_EXERCISE_
Beginning with the line that contains "The mound contains" and ending with the line that contains "(a-I) Schematic illustration", reproduce the lines of the entries below exactly, omitting pictures.

_RECORDS SUPPLIED_
--- START ---

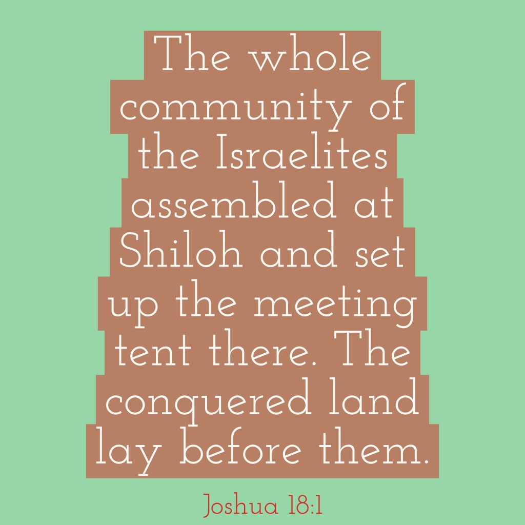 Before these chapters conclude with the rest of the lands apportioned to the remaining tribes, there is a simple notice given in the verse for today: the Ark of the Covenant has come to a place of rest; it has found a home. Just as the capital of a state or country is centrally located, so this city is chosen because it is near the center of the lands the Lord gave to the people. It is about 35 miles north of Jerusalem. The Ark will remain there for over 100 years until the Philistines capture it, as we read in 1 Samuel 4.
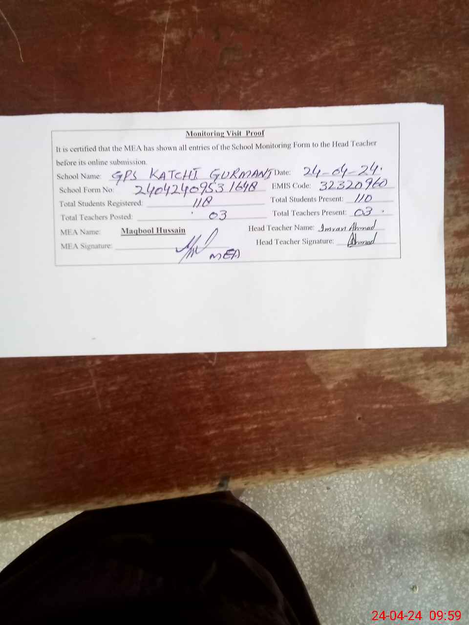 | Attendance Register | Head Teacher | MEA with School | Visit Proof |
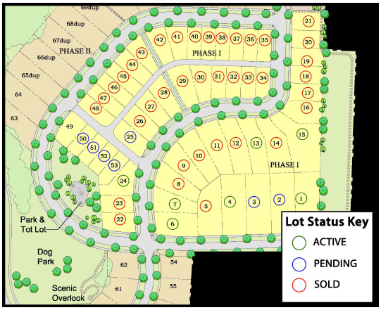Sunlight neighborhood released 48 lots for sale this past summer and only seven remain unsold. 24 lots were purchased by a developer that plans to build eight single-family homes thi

--- END ---
--- START ---

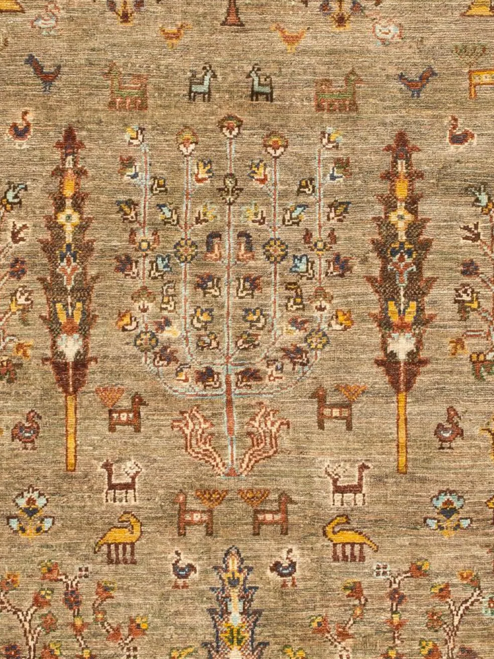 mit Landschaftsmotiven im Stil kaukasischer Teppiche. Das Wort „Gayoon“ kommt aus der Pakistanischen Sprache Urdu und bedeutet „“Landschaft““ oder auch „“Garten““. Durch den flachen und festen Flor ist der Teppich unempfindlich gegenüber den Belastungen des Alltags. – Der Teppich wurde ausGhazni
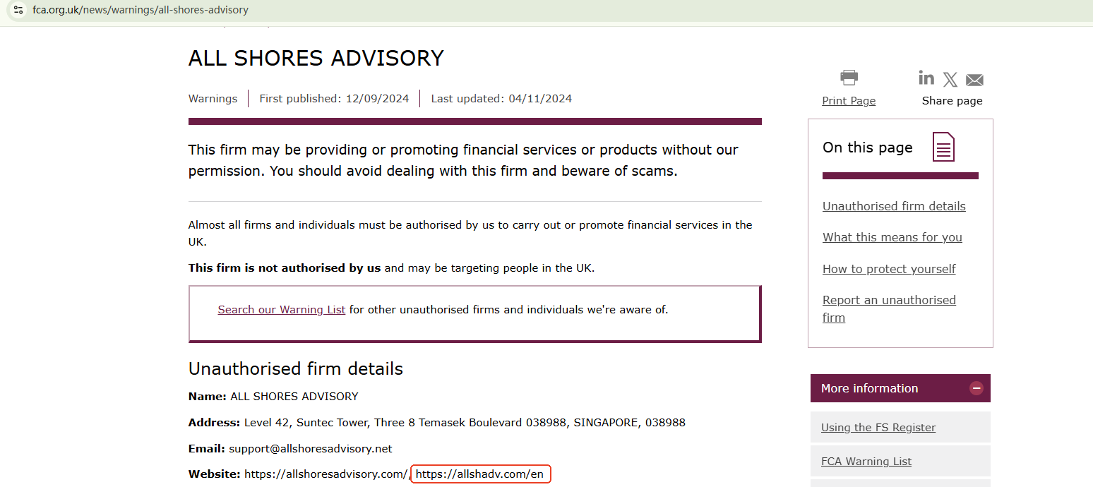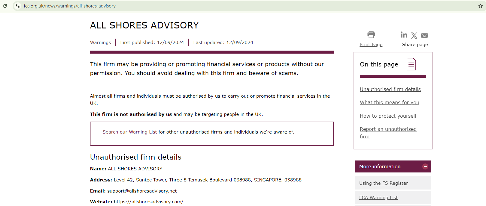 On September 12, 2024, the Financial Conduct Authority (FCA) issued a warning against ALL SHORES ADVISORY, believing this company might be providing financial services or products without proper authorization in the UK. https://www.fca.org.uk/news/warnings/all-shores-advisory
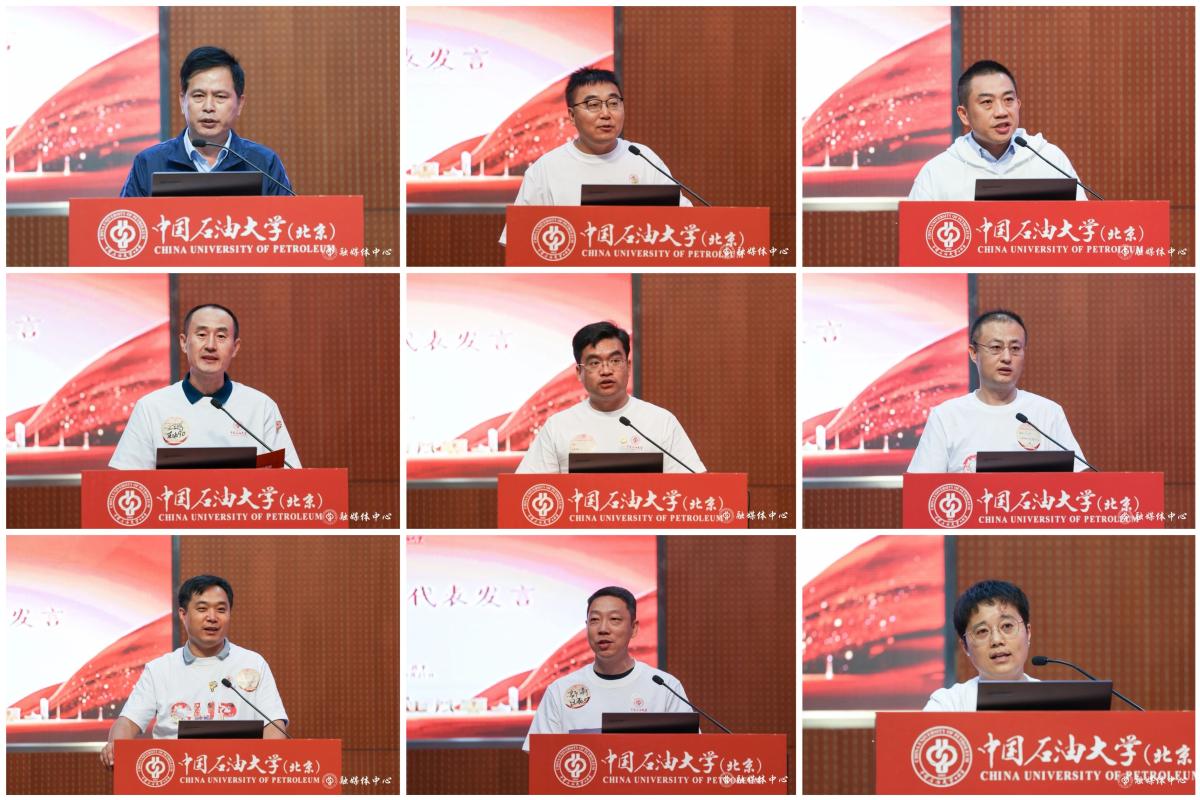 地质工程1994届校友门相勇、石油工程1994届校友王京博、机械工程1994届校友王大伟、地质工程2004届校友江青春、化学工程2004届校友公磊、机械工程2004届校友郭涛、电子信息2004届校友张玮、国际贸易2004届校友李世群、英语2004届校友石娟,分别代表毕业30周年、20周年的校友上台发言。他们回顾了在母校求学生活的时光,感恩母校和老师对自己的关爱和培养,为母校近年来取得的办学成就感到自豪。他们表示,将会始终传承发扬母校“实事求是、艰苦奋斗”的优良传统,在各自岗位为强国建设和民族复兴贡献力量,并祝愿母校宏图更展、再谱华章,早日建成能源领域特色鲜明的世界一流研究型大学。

--- END ---
--- START ---

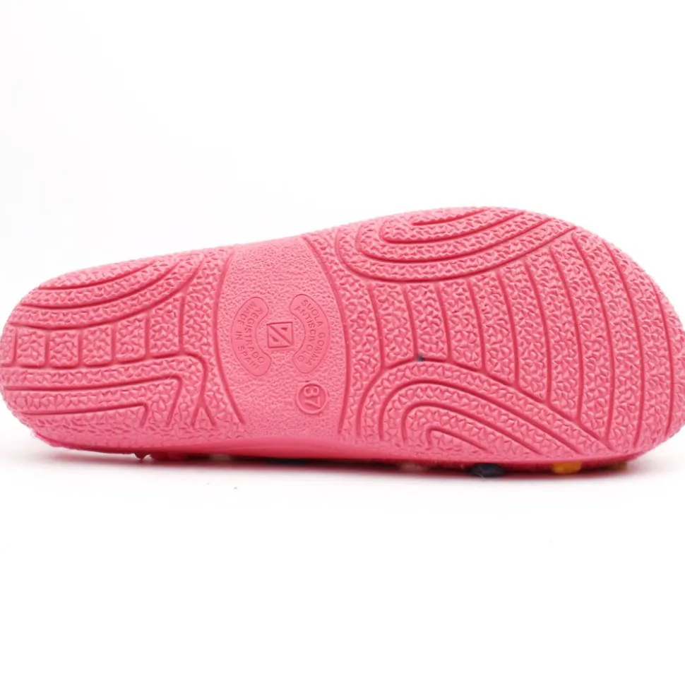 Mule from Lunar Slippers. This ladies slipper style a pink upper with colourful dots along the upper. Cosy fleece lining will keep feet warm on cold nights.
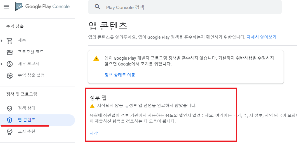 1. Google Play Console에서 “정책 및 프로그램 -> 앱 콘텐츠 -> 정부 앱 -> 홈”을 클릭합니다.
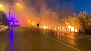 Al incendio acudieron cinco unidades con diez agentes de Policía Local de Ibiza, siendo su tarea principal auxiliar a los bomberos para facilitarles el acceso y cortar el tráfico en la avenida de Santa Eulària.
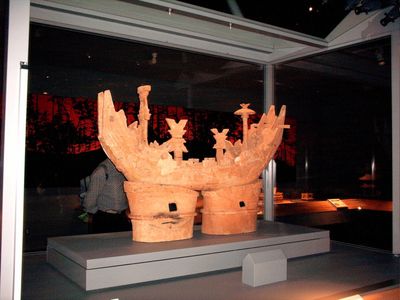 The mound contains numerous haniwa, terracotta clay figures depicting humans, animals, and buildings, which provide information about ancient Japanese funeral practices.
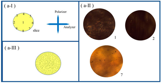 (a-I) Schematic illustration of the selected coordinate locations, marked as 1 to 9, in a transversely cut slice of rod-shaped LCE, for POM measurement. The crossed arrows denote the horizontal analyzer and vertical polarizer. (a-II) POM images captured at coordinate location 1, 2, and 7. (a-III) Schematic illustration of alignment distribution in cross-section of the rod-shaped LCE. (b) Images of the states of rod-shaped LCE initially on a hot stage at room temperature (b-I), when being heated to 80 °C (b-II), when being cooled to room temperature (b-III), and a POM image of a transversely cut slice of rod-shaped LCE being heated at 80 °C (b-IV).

--- END ---

_ANSWER FOR THE TASK_
 The mound contains numerous haniwa, terracotta clay figures depicting humans, animals, and buildings, which provide information about ancient Japanese funeral practices.
 (a-I) Schematic illustration of the selected coordinate locations, marked as 1 to 9, in a transversely cut slice of rod-shaped LCE, for POM measurement. The crossed arrows denote the horizontal analyzer and vertical polarizer. (a-II) POM images captured at coordinate location 1, 2, and 7. (a-III) Schematic illustration of alignment distribution in cross-section of the rod-shaped LCE. (b) Images of the states of rod-shaped LCE initially on a hot stage at room temperature (b-I), when being heated to 80 °C (b-II), when being cooled to room temperature (b-III), and a POM image of a transversely cut slice of rod-shaped LCE being heated at 80 °C (b-IV).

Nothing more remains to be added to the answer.